Taxation of Income for Individuals
1) Gross Income: The Scope of Section 61
a) § 61 Gross Income Defined
i) All income from whatever source derived.
(1) § 102 Excludes gifts and bequests.
ii) Fair market value The price that would change hands between a willing buyer and a willing seller if neither was under pressure and both knew the relevant facts
(1) Compensation paid other than in cash (Reg. § 1.61-2(d)(1))
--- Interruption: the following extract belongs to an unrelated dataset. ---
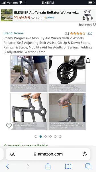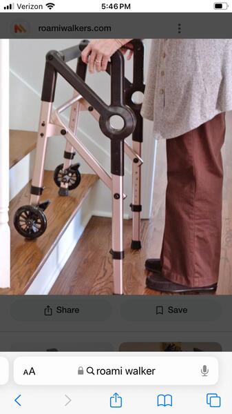 message peepsnpaws1 about this ad The Roami progressive mobility aid is multifunctional as it can transition from a walker, into a wheeled walker, be a step assist and a gait alignment aid in one. Roami uniquely adjusts as you progress in your rehabilitation from sit-to-stand, to walking, to conquering bigger challenges like steps and uneven surfaces. Roamis distinctive gait alignment function adjusts the angle of the walking frame for posture position correction and balance. When the optional wheel assembly (sold separately) is purchased, Roami progresses from a traditional walker to a wheeled walker with a quick press of the foot pedal found on the retractable front wheels. When ready to take your mobility even further, the unique, patent-pending Cam Lok allows the front legs to adjust up or down, lock into place, and conquer steps, slopes, curbs, and thresholds. Roami helps you live life without limitations! |

(a) If services are paid for in property, the fair market value of the property taken in payment must be included in income as compensation
(b) If services are paid for in exchange for other services, the fair market value of such other services must be included in income as compensation
(2) Gross income derived from business
(3) Gains derived from dealings in property
(4) Interest
(5) Rents
(6) Royalties
(7) Dividends
(8) Alimony and separate maintenance payments
(9) Annuities
(10) Income from life insurance and endowment contracts
(11) Pensions
(12) Income from discharge of indebtedness
(13) Distributive share of partnership gross income
(14) Income in respect of a decedent
(15) Income from an interest in an estate or trust

iii) Cesarini v. United States: Taxpayers found $4.5K in a piano they purchased. Included it in income but later changed their minds and asked for refund. Court held that, since found money is not expressly excluded from gross income, the finder of treasure-trove is in receipt of taxable income for the taxable year in which it is reduced to undisputed possession.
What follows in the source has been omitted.